Data provided:
________

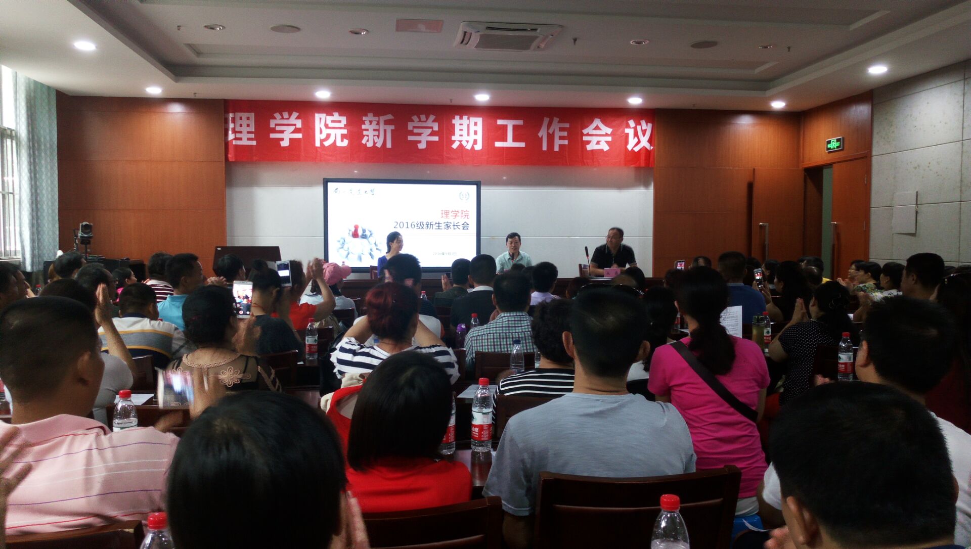 报告厅隆重举行。学院党委书记程正芳副教授、党委副书记刘照云老师、副院长吴磊教授、班主任陈荣顺老师、陈丹老师、辅导员黄芳老师和2016级逾百名新生家长参加了此次会议。
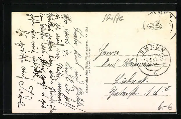 alte Ansichtskarte, gelaufen 1935, Briefmarke entfernt, guter Zustand
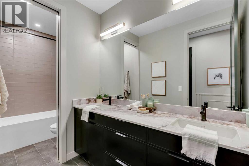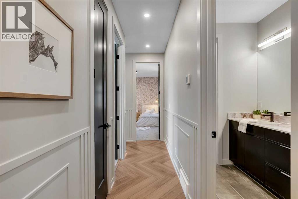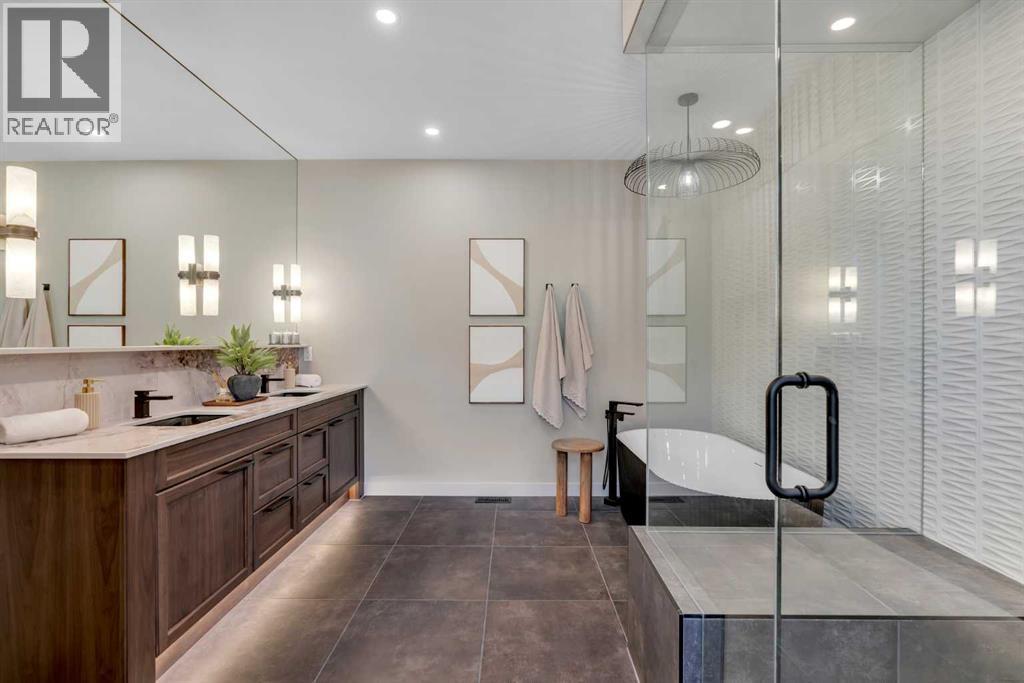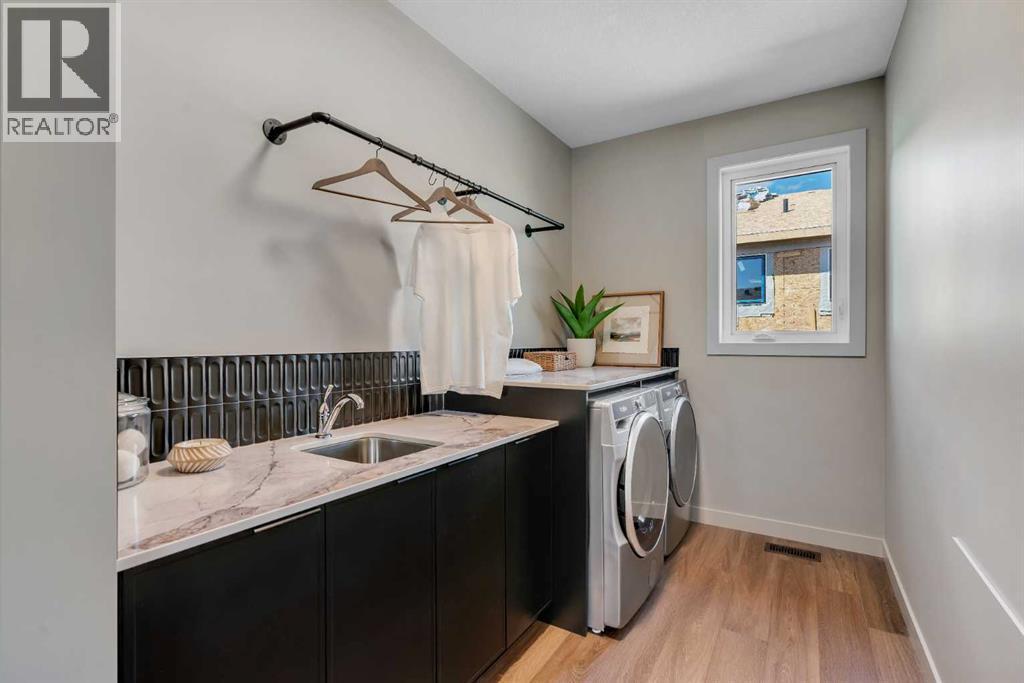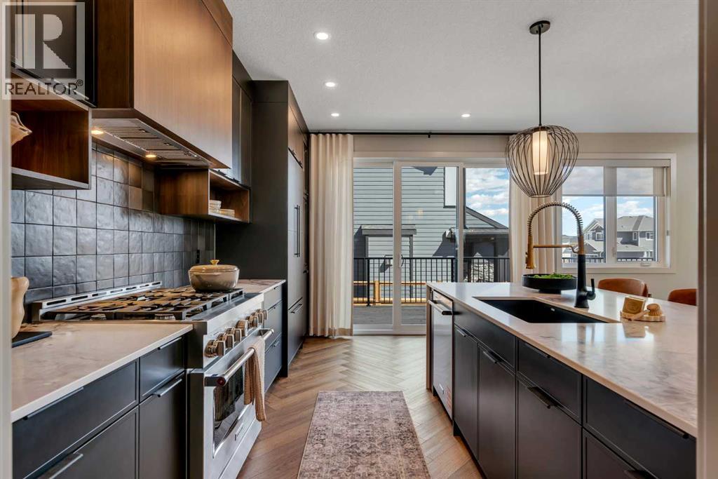 *Watch the Cinematic Showhome Video* A stunning opportunity to own a luxurious, fully upgraded SHOWHOME built by one of the most premium builders of Alberta - Aspen Creek Designer Homes. Get ready to be mesmerized as this specular home offers all the bells and whistles you have been dreaming of. Whether you're in in the market to buy a primary residence or an investment property with no time constraint, then this leaseback opportunity is for you - sit back and we will pay you the return! Almost 5000 SQFT of living space | Corner Lot | Triple Car Garage | Hardie Board Siding | Triple Pane Windows | 6 Bedrooms + 5 Full Bathrooms | Beautiful Open to Below Concept | Flex Room/Great Room | High-End Designer Finishings | Chef's Dream Kitchen | Fully Loaded Spice Kitchen | Elegant Lighting | Custom Feature Walls | 4 Bed Up (2 have their own ensuites) | Builder Grade Finished Basement | Oversized Deck. The moment you step in you'll be amazed on how bright and open this floor plan is. Upgraded engineered hardwood flooring throughout with a wide glass door sets up the tone. The main floor bedroom servers perfectly for multi-generational comfort along with an upgraded full bathroom with extra drawers, a standing glass shower and sleek floor to ceiling tiles. The flex room offers flexibility to use as a great room or to set up your work from home station with custom wall work and pot lights. The showstopper living room with high soaring ceilings and extra windows throughout perfectly showcases how luxury shall look like! Whether you love entertaining people or want the live life the royal style - this magnificent space has tons of natural light. The dreamy chef's kitchen with waterfall island, upgraded quartz countertops, upgraded stylish faucets, two-toned cabinets, open cubes with custom lighting, glass shelves, polished brick style backsplash, top of the notch appliances including a gas stove and a panelled fridge. A fully loaded spice kitchen with tons of cabinets space a nd its own set of appliances. A custom mud room with tile, hangers, and extra storage space. Walking upstairs, you'll be impressed by open riser steps, the unique black and gold railings, 9 feet ceilings, and 8 feet doors. 4 Bedrooms (2 with their own ensuites) including the beautiful primary bedroom with a statement chandelier, custom feature wall, a walk-in close with mdf shelvings, and a spa-like ensuite with heated floors, premium matte black fixtures, under the cabinets lights, wrap around glass shower, and a soaker tub. A huge bonus room - an excellent spot for your movie nights! 3 other spacious bedrooms with another full bathroom and a laundry room with extra storage and a sink completes this level. A fully finished basement - Over 1,000 square feet of additional living space including a highly upgraded wet bar with plenty of cabinet space, custom shelves, glass backsplash and a beverage fridge. Alongside you have a gorgeous gym room, a bedroom, a full bath and a massive rec area. (id:6769)

________

Required work: Give again exactly the lines running from the beginning of the material above through the line that contains "alte Ansichtskarte, gelaufen", and leave out every picture.

Result for this task:
 报告厅隆重举行。学院党委书记程正芳副教授、党委副书记刘照云老师、副院长吴磊教授、班主任陈荣顺老师、陈丹老师、辅导员黄芳老师和2016级逾百名新生家长参加了此次会议。
 alte Ansichtskarte, gelaufen 1935, Briefmarke entfernt, guter Zustand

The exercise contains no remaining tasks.